## Exercise requirements
Once you find the line with "Giftworks Newgrange Living" in the entries below, print it and each line after it up to and including the line with "MÉXICO, D.F., 22FEBRERO2009.- Cientos", exactly, without pictures.

## Working data
□ □ □ □ □
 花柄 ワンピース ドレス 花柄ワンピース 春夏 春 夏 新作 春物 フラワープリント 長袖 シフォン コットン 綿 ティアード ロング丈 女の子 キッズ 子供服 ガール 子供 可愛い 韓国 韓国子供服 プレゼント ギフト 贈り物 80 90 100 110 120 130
□ □ □ □ □
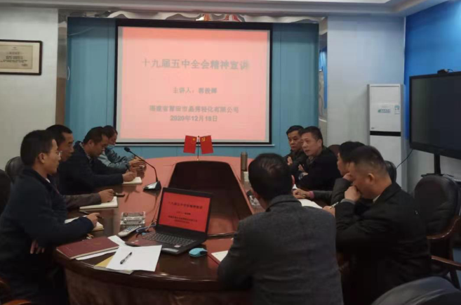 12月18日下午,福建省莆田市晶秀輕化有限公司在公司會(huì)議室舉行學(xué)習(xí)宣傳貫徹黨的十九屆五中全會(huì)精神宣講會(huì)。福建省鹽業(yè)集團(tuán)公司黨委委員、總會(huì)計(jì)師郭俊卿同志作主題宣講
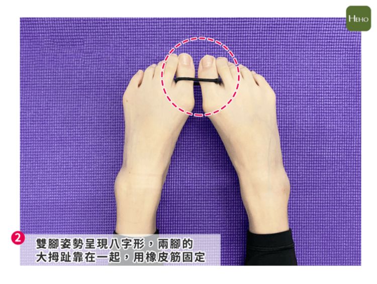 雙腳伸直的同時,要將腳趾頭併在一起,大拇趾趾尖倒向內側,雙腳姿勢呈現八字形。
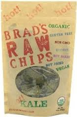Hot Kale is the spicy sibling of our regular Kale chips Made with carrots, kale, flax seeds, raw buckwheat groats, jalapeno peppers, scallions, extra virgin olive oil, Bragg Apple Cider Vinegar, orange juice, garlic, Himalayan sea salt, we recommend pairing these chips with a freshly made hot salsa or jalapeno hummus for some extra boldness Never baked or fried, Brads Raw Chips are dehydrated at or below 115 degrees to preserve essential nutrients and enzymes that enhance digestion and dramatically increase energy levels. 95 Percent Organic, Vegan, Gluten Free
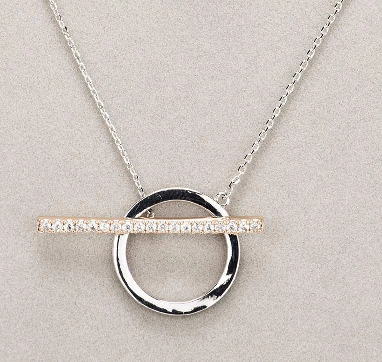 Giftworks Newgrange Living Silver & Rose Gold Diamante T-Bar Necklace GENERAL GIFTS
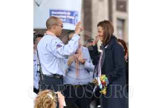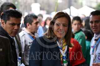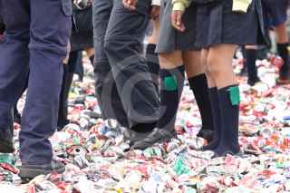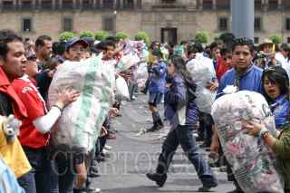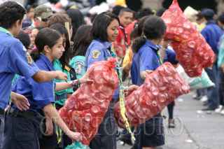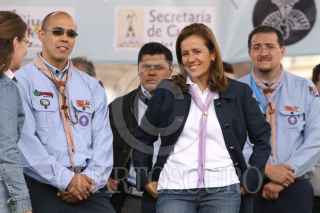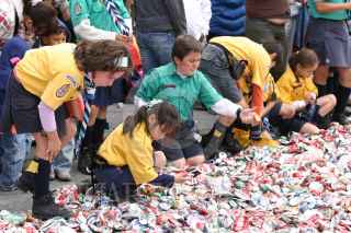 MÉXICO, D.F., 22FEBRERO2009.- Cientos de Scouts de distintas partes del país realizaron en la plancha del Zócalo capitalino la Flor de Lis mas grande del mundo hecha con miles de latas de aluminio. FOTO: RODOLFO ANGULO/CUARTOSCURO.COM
□ □ □ □ □
## Your solution
 Giftworks Newgrange Living Silver & Rose Gold Diamante T-Bar Necklace GENERAL GIFTS
 MÉXICO, D.F., 22FEBRERO2009.- Cientos de Scouts de distintas partes del país realizaron en la plancha del Zócalo capitalino la Flor de Lis mas grande del mundo hecha con miles de latas de aluminio. FOTO: RODOLFO ANGULO/CUARTOSCURO.COM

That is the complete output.